Obama crosses America’s one bright line *UPDATED*
One of the brightest lines in America, a line that goes back to our Founders and the Constititution, is the imperative rule that the American government stay out of religion. That does not mean that people in politics cannot be religious or that their values cannot be informed by religion. It does mean, though, that the government may not dictate doctrine or sermon. Bruce Kesler takes Obama to task for doing just that. Oy! First the 10th Amendment and now this. We are dubiously blessed with a president who doesn’t even bother to explain away his Constitutional violations. He just tramples through those rights, supremely confident that he’s above the petty rules that have guided our nation for so long.
I’m sighing a lot lately. Sigh….
UPDATE: Peter Wehner makes an equally astute point:
Where Obama is getting into dangerous territory is when he takes a biblical injunction—we have a moral obligation to care for one another—and strongly implies that his health-care plan has God’s imprimatur. It is one thing to think theologically about public matters; it is quite another to describe what the right “Christian position” is. The temptation for people of faith who are in politics is to enunciate a principle—justice, compassion, peace, the rights and dignity of the individual, stewardship of the earth—and simplistically connect the dots, as if the principle itself easily translates into an obvious policy. It rarely does. And those who play this game create all sorts of confusion.
The purpose of Obama’s call to religious leaders was to create an implicit syllogism: if you love God and your neighbor, you will support ObamaCare. If Obama does not believe this, he has a responsibility to say so. Because as it now stands, based on the context of his comments (which was to urge those leaders to work on behalf of his health-care plan), this is a reasonable inference.

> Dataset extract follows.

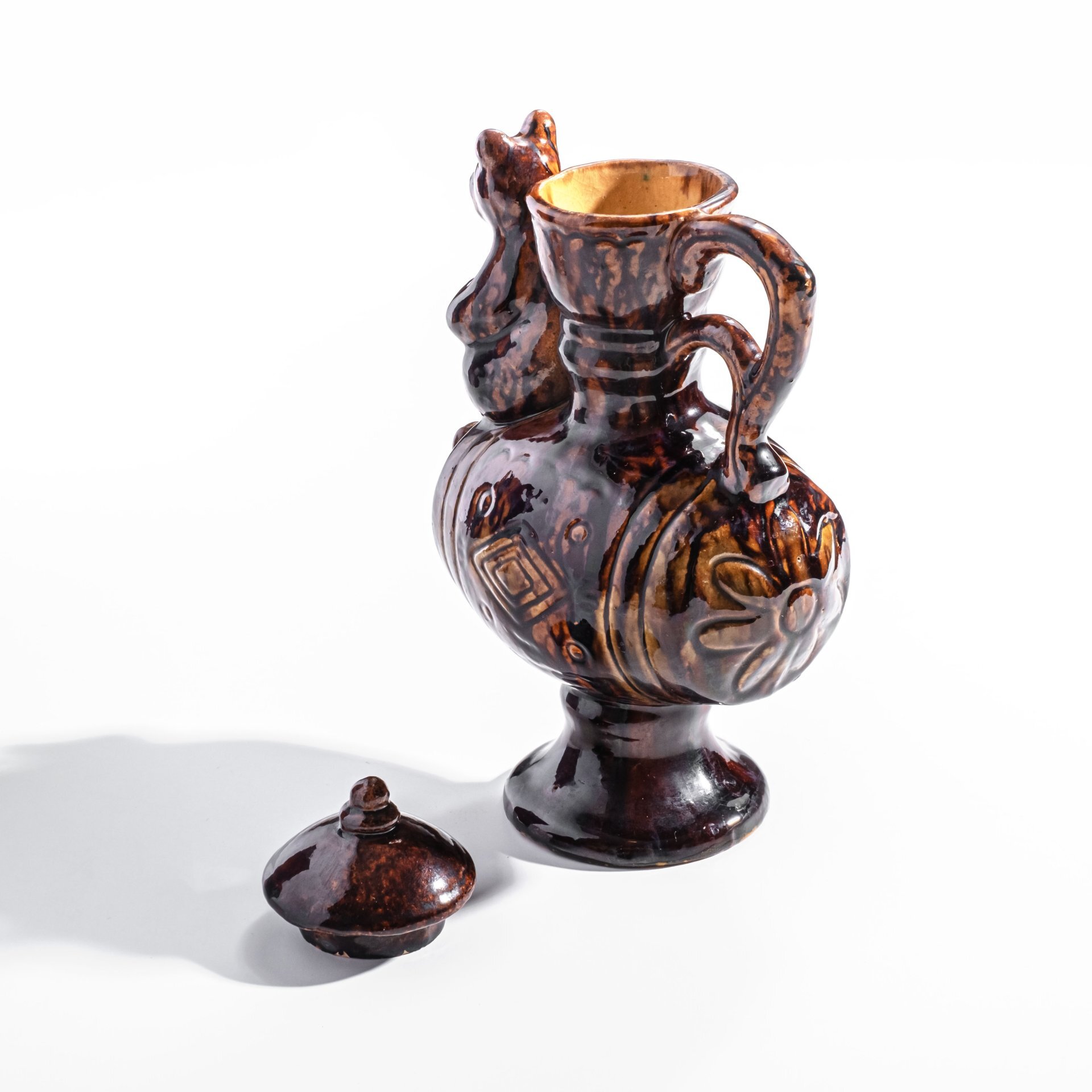 Кувшин декоративный "Медведь на бочке", обливная керамика, глазурь, СССР, 1980-1990 гг.

Some of us have criticized the Religious Right for making precisely this error—for portraying complex policy questions as ones for which there is only one obvious and “godly” answer; for denying that people of goodwill can disagree on which policies advance the common good; and for portraying those who hold differing views as cartoon figures driven by questionable or corrupt motives. This mindset is what Senator Obama warned against—but something that President Obama seems eager to embrace.
Engaged in a fierce public debate, with support for his health-care plans plummeting, Obama is jettisoning the subtlety and careful parameters about which he once spoke. He denies to others the presumption of good faith he once sought. One can only hope he feels a pang of shame at what he is doing—and that he pulls back before he creates a divisive and ugly conflict among people of faith.
I’ll add only that Obama represents the first time that a President has “portray[ed] complex policy question as ones for which there is only one obvious and ‘godly’ answer.” In the past (at least in the modern era), this line of argument has always been confined to special interest groups. And coming from special interest groups, the argument may fail because it doesn’t have broad appeal to those who don’t share your “godly” views, but at least it doesn’t implicate the Constitutional prohibition against the federal government interfering in matters of religion.